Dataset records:
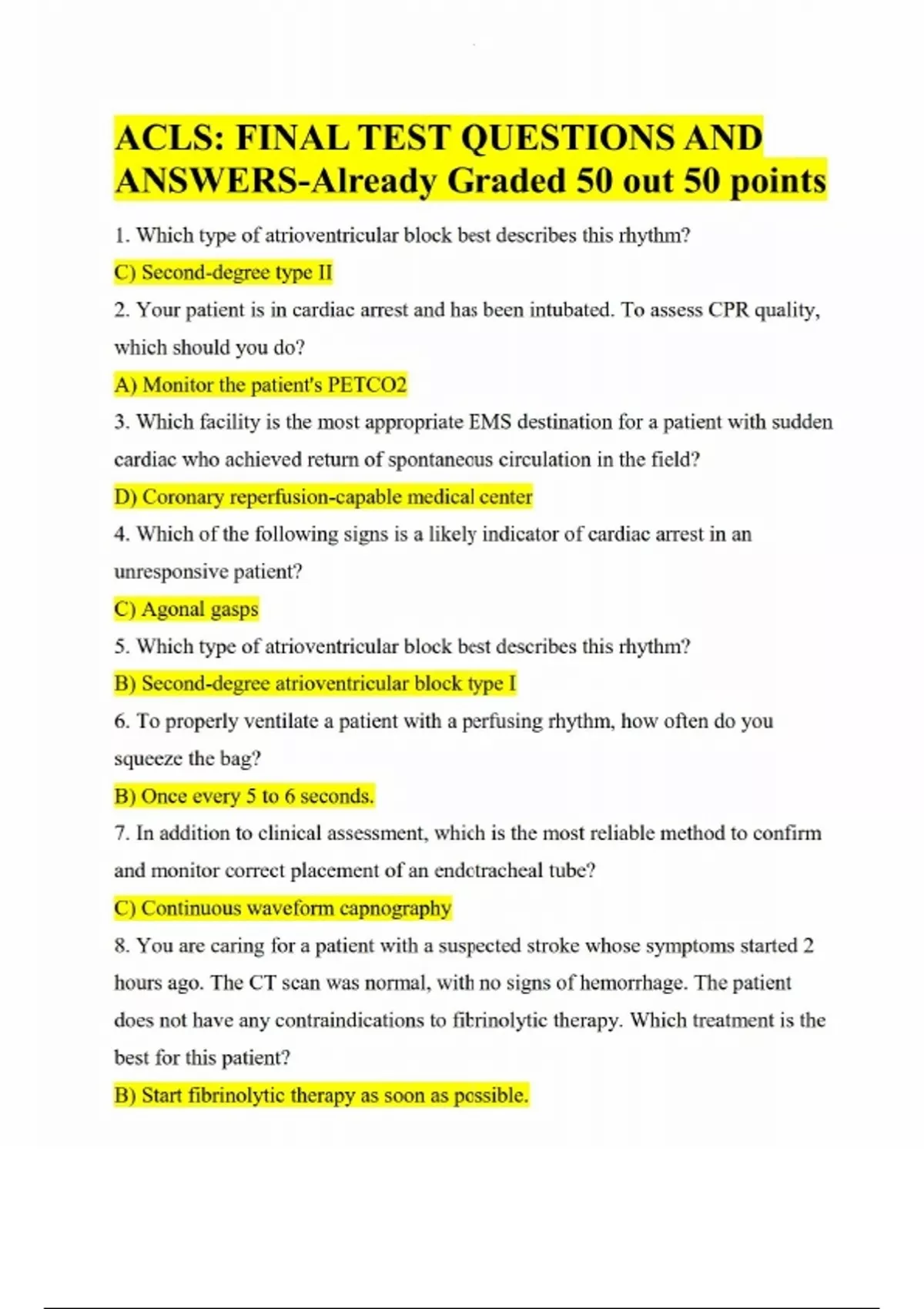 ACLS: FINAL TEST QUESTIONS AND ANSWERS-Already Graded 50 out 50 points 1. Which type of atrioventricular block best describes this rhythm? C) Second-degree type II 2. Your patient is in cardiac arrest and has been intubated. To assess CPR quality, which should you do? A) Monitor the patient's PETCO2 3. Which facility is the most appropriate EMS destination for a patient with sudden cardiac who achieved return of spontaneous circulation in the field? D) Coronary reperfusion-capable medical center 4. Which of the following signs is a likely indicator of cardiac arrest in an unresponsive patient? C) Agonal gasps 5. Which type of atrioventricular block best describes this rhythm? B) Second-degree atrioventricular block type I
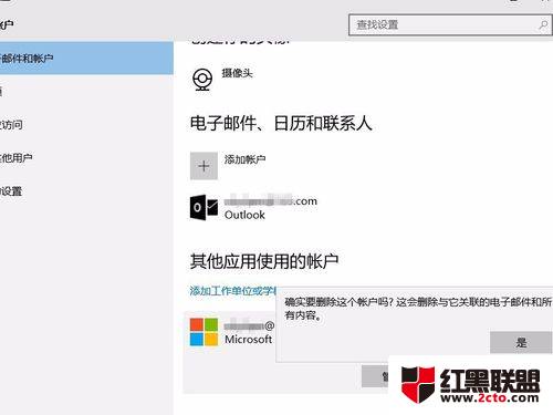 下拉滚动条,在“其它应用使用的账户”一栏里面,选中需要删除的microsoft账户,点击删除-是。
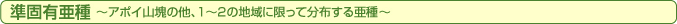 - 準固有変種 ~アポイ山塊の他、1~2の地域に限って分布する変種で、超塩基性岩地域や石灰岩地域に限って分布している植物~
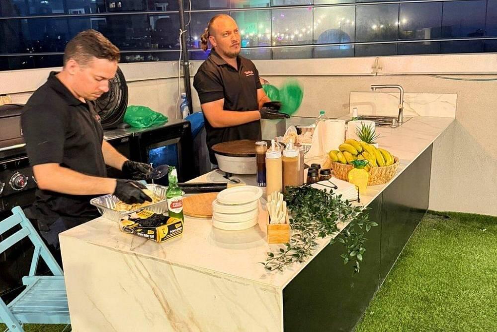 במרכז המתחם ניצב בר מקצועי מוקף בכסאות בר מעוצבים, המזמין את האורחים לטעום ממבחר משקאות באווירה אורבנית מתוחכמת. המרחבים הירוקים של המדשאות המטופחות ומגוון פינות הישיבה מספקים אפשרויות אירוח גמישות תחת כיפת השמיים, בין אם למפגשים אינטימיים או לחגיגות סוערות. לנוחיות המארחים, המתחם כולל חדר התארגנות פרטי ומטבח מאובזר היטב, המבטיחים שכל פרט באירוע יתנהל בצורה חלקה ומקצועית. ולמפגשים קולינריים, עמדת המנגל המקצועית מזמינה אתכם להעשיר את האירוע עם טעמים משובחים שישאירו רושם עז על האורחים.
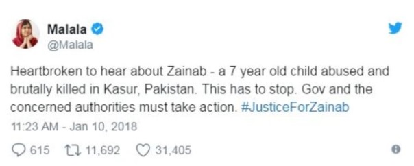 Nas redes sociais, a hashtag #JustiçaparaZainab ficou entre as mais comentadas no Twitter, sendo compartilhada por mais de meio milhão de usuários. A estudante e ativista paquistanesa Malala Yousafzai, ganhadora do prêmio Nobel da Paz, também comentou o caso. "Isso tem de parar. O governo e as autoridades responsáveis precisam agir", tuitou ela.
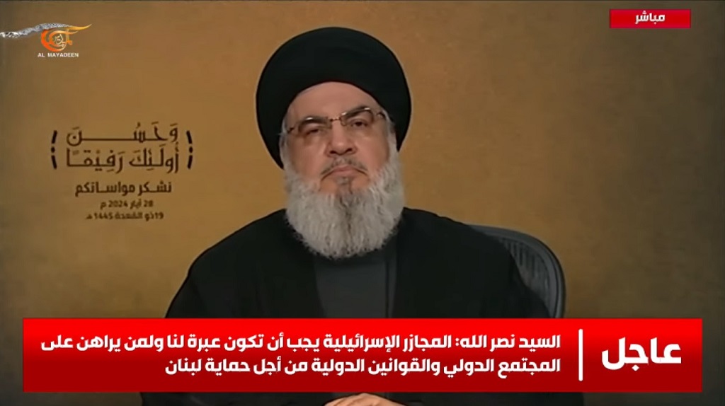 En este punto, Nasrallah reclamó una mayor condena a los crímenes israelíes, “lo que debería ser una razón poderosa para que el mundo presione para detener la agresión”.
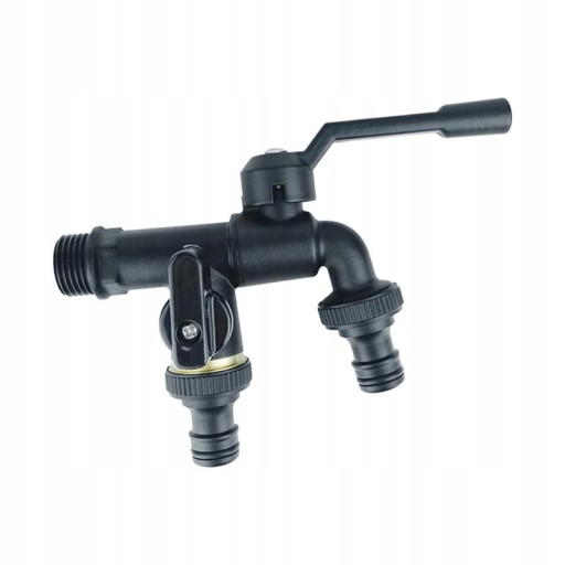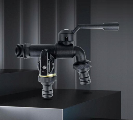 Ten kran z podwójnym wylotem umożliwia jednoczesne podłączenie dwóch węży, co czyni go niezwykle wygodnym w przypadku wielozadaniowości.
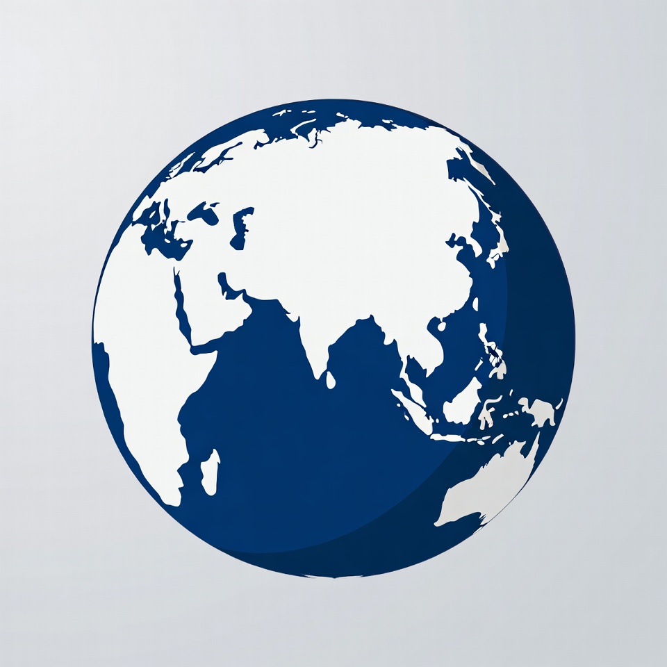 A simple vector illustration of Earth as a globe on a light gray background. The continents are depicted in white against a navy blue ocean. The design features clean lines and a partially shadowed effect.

* * *

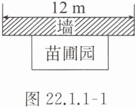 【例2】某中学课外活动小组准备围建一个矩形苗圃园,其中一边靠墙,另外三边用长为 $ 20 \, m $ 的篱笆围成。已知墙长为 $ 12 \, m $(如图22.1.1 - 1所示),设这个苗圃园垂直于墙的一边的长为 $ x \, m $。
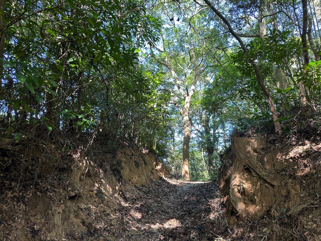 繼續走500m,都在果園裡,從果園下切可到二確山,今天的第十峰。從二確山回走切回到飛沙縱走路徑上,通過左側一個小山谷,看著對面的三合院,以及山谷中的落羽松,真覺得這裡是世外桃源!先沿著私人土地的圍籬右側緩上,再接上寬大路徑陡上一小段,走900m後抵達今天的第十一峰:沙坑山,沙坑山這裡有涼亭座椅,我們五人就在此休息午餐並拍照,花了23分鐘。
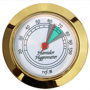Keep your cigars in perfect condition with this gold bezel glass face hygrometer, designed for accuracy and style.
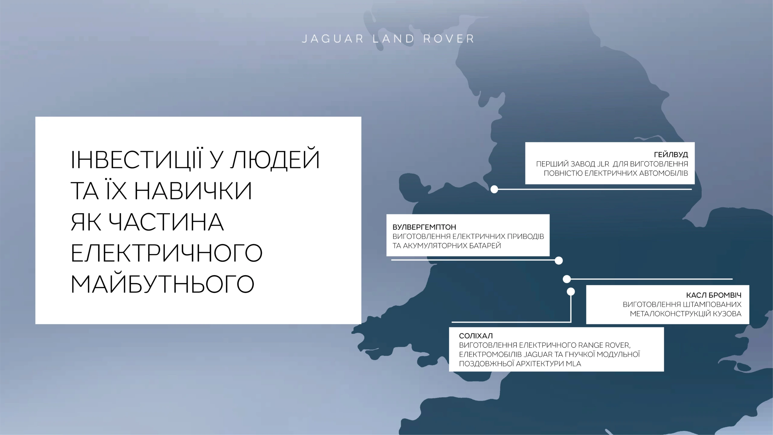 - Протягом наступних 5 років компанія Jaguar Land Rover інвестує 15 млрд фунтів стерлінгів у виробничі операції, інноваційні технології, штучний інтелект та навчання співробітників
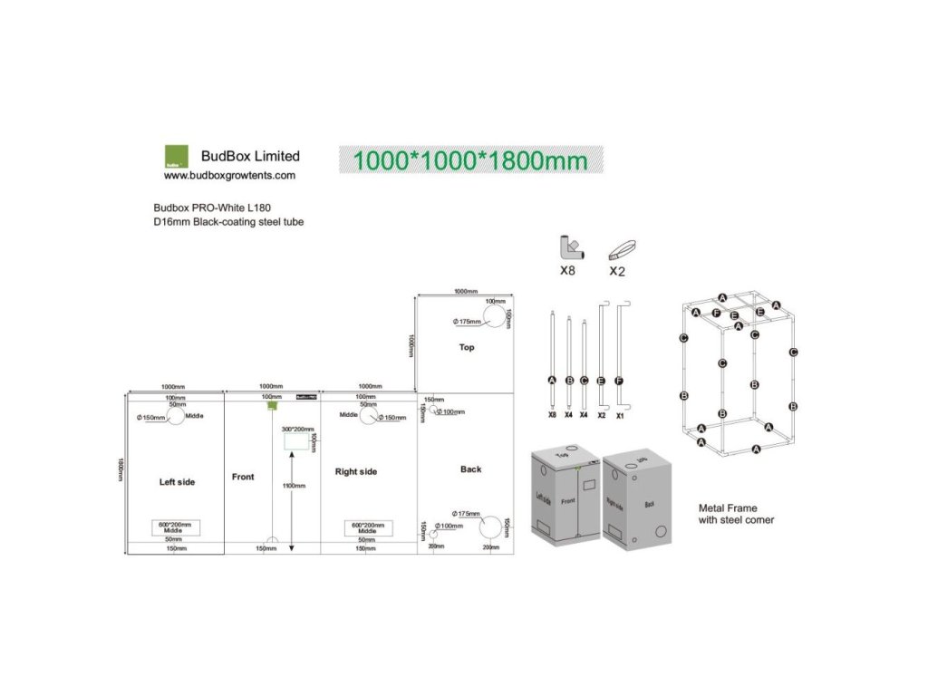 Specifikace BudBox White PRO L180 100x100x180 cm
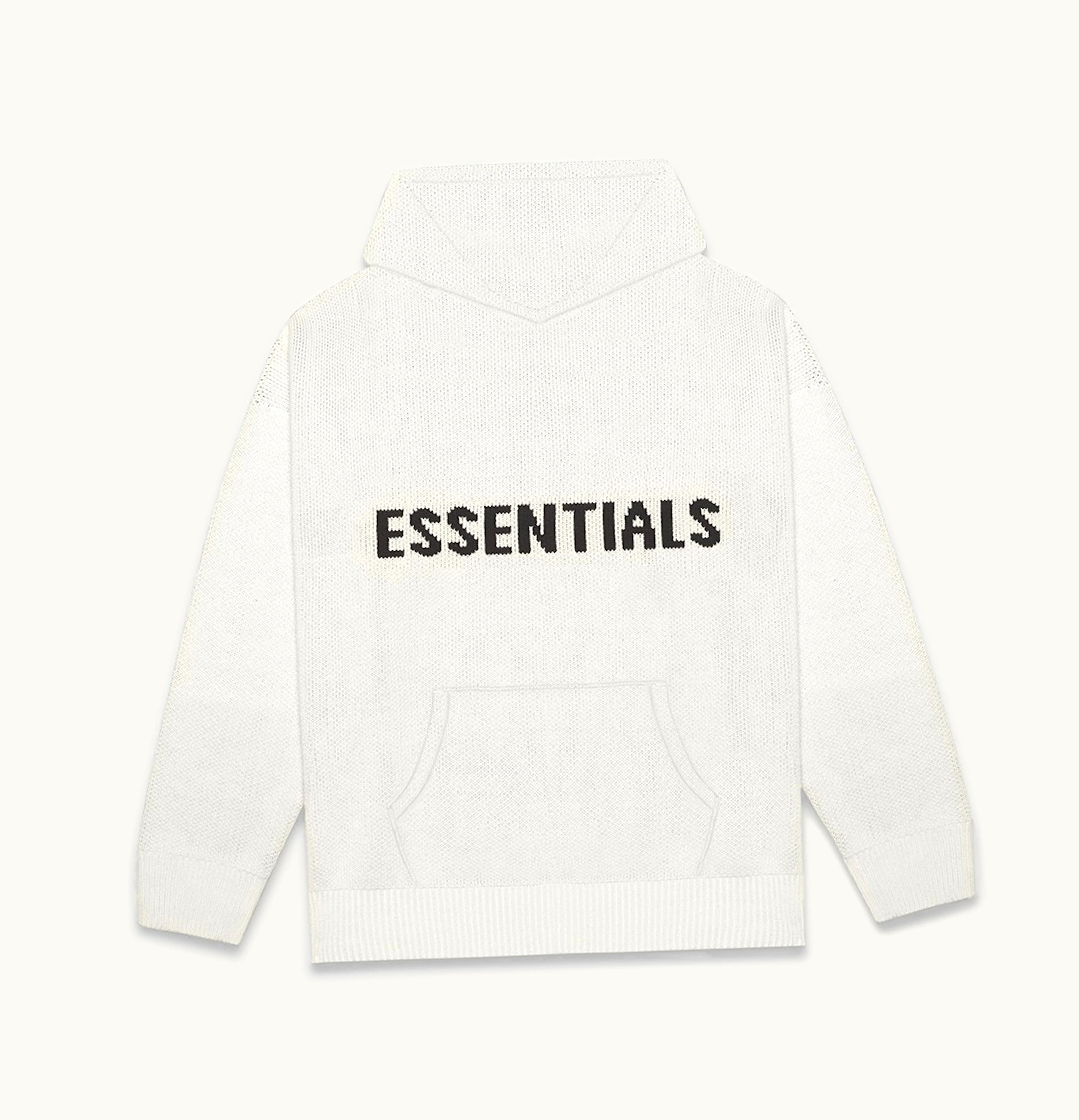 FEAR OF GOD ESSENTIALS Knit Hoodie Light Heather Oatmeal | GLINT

EXERCISE:
Exactly as written above, retype the lines starting at the one holding "ACLS: FINAL TEST" and ending at the one holding "- 準固有変種 ~アポイ山塊の他、1~2の地域に限って分布する変種で、超塩基性岩地域や石灰岩地域に限って分布している植物~", both included, but not the pictures.

WRITTEN ANSWER:
 ACLS: FINAL TEST QUESTIONS AND ANSWERS-Already Graded 50 out 50 points 1. Which type of atrioventricular block best describes this rhythm? C) Second-degree type II 2. Your patient is in cardiac arrest and has been intubated. To assess CPR quality, which should you do? A) Monitor the patient's PETCO2 3. Which facility is the most appropriate EMS destination for a patient with sudden cardiac who achieved return of spontaneous circulation in the field? D) Coronary reperfusion-capable medical center 4. Which of the following signs is a likely indicator of cardiac arrest in an unresponsive patient? C) Agonal gasps 5. Which type of atrioventricular block best describes this rhythm? B) Second-degree atrioventricular block type I
 下拉滚动条,在“其它应用使用的账户”一栏里面,选中需要删除的microsoft账户,点击删除-是。
 - 準固有変種 ~アポイ山塊の他、1~2の地域に限って分布する変種で、超塩基性岩地域や石灰岩地域に限って分布している植物~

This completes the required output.